The Bottom Line on COVID-19 Care for People on HIV Treatment
The biggest potential risks for interactions with COVID-19 treatments and HIV treatments are those for renal and liver functions. But until the data are in, this remains only a potential concern. Meanwhile, Shapiro says the biggest danger a PLWH will typically face if they get COVID-19 is the danger associated with an unsuppressed HIV viral load.
“If a patient has COVID-19 and HIV, they should be given indicated treatments for COVID, and get viral load for HIV suppressed. During COVID or any time, it’s important to suppress viral load, which can help fight off COVID infection,” she said.
Shapiro brought up another complication for PLWH during the COVID crisis, one that might worsen as new cases continue to rise: isolation affecting their access to care. “As more people are encouraged to stay home and use telemedicine, it’s important that they’re able to access [their antiretrovirals].”
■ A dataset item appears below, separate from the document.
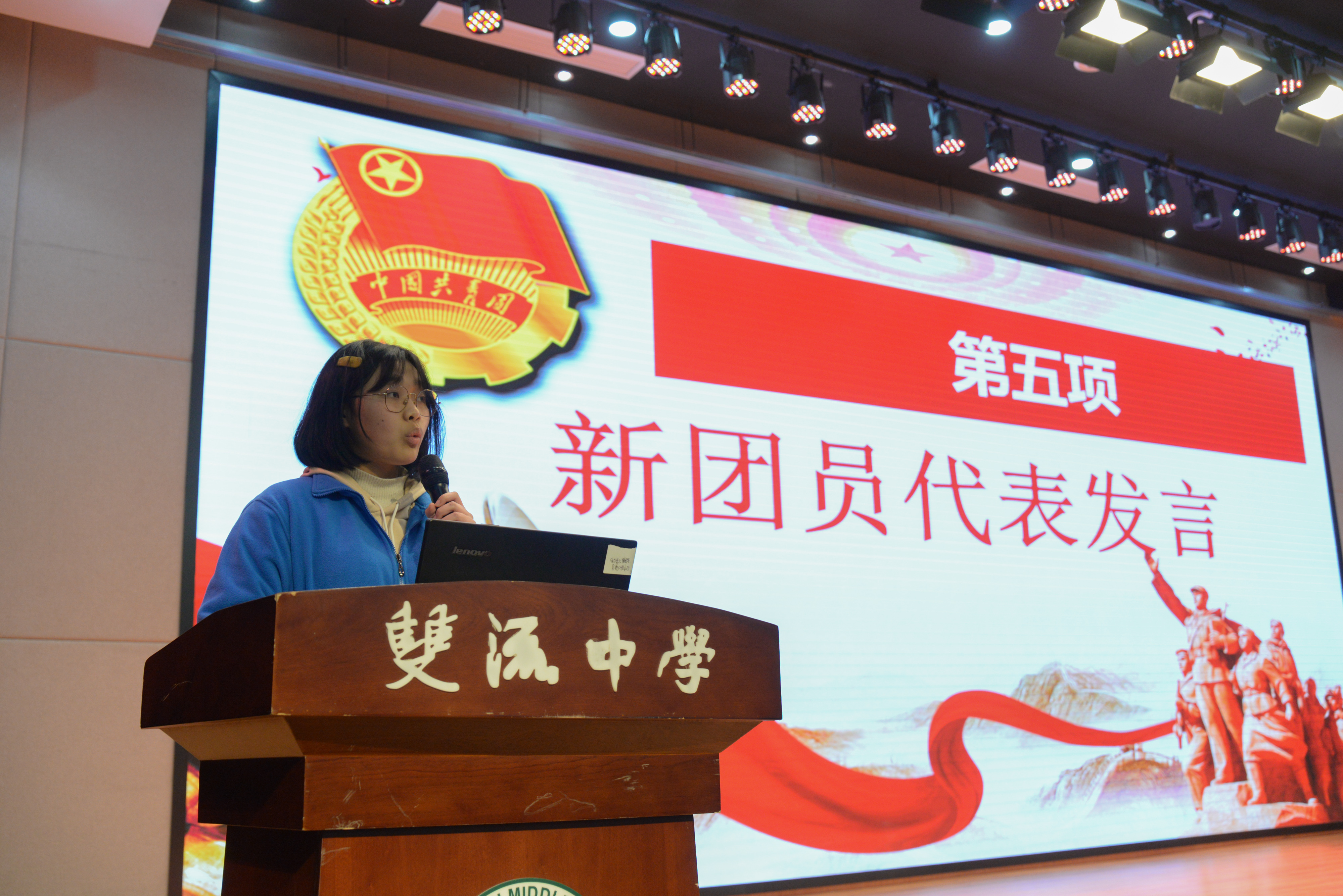 新團(tuán)員代表張晗同學(xué)發(fā)表感言,她認(rèn)為作為一名共青團(tuán)員應(yīng)肩負(fù)起為國為家的責(zé)任,努力學(xué)習(xí)科學(xué)文化知識(shí),努力提高自身道德修養(yǎng)。她號(hào)召大家要在生活學(xué)習(xí)中展現(xiàn)出共青團(tuán)員風(fēng)采,向雙中所有的老師和同學(xué)們,向共青團(tuán)這個(gè)先進(jìn)組織交一份滿意的答卷。

Similarly, HIV-negative people “need resources for testing and case notification,” she added. For people who don’t know their status, HIV self-testing kits, some of which can be purchased online, could be a helpful alternative to in-person testing during the COVID crisis.
Cachay said it’s also important for care providers to counsel PLWH about COVID-19 related stress, anxiety, “and among some, PTSD-like feelings due to the internalized stigma associated with the AIDS isolation in the 1980s.”
And, of course, both Cachay and Shapiro advise that PLWH continue to do what experts say we all need to be doing: socially distance and wear masks.